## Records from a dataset
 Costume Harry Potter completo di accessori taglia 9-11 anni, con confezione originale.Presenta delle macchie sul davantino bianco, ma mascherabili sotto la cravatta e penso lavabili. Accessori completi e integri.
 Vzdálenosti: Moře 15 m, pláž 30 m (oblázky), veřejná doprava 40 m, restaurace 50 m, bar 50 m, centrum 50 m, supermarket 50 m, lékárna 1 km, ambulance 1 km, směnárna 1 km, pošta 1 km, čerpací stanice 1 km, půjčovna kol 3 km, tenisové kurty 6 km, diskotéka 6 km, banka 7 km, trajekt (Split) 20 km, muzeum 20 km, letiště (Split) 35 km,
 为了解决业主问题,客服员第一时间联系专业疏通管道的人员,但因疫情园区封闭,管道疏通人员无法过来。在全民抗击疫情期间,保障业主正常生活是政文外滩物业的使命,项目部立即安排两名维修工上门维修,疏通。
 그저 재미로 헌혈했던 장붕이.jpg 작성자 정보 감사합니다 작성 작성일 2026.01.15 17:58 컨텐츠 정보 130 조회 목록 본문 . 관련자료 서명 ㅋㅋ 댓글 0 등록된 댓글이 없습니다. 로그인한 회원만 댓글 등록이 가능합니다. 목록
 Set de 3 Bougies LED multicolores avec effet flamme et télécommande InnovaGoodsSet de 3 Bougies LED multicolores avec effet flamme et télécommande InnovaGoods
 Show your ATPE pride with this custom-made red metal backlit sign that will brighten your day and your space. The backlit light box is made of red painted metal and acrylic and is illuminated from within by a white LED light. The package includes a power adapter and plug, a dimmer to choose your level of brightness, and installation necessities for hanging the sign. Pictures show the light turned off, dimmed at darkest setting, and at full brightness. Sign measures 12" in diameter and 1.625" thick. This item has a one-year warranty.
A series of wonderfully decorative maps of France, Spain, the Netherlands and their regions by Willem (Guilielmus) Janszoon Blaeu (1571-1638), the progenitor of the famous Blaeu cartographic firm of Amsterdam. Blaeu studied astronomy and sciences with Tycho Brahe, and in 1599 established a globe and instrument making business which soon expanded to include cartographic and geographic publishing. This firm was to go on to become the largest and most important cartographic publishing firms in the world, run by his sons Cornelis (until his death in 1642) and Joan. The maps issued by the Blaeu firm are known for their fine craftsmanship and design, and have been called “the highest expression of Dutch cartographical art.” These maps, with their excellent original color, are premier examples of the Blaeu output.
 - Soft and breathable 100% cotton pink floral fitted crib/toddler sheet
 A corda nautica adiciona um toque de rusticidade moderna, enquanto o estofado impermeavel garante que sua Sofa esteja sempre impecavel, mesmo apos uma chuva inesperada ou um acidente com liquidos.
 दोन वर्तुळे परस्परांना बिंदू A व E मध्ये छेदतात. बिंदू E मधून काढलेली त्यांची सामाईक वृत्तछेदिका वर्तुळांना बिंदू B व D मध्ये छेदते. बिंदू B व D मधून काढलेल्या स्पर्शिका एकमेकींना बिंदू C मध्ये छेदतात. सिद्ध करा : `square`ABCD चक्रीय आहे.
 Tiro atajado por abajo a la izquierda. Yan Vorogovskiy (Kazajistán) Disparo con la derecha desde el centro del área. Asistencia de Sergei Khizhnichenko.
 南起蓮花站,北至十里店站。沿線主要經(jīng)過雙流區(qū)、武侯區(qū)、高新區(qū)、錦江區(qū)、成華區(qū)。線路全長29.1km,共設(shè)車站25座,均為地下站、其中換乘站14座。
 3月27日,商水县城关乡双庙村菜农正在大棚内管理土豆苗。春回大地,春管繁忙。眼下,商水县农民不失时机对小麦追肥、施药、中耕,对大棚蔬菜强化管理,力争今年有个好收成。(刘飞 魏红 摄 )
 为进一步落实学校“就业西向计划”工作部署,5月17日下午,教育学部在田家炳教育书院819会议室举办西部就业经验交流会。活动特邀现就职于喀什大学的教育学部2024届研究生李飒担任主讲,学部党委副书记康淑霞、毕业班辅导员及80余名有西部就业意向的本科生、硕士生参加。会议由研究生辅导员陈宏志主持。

## EXERCISE DETAILS
In the data above, find the line that contains "Vzdálenosti: Moře 15" and the line that contains "et télécommande InnovaGoodsSet". Repeat exactly those lines and every line between them, and only those.

## ANSWER TO THIS EXERCISE
 Vzdálenosti: Moře 15 m, pláž 30 m (oblázky), veřejná doprava 40 m, restaurace 50 m, bar 50 m, centrum 50 m, supermarket 50 m, lékárna 1 km, ambulance 1 km, směnárna 1 km, pošta 1 km, čerpací stanice 1 km, půjčovna kol 3 km, tenisové kurty 6 km, diskotéka 6 km, banka 7 km, trajekt (Split) 20 km, muzeum 20 km, letiště (Split) 35 km,
 为了解决业主问题,客服员第一时间联系专业疏通管道的人员,但因疫情园区封闭,管道疏通人员无法过来。在全民抗击疫情期间,保障业主正常生活是政文外滩物业的使命,项目部立即安排两名维修工上门维修,疏通。
 그저 재미로 헌혈했던 장붕이.jpg 작성자 정보 감사합니다 작성 작성일 2026.01.15 17:58 컨텐츠 정보 130 조회 목록 본문 . 관련자료 서명 ㅋㅋ 댓글 0 등록된 댓글이 없습니다. 로그인한 회원만 댓글 등록이 가능합니다. 목록
 Set de 3 Bougies LED multicolores avec effet flamme et télécommande InnovaGoodsSet de 3 Bougies LED multicolores avec effet flamme et télécommande InnovaGoods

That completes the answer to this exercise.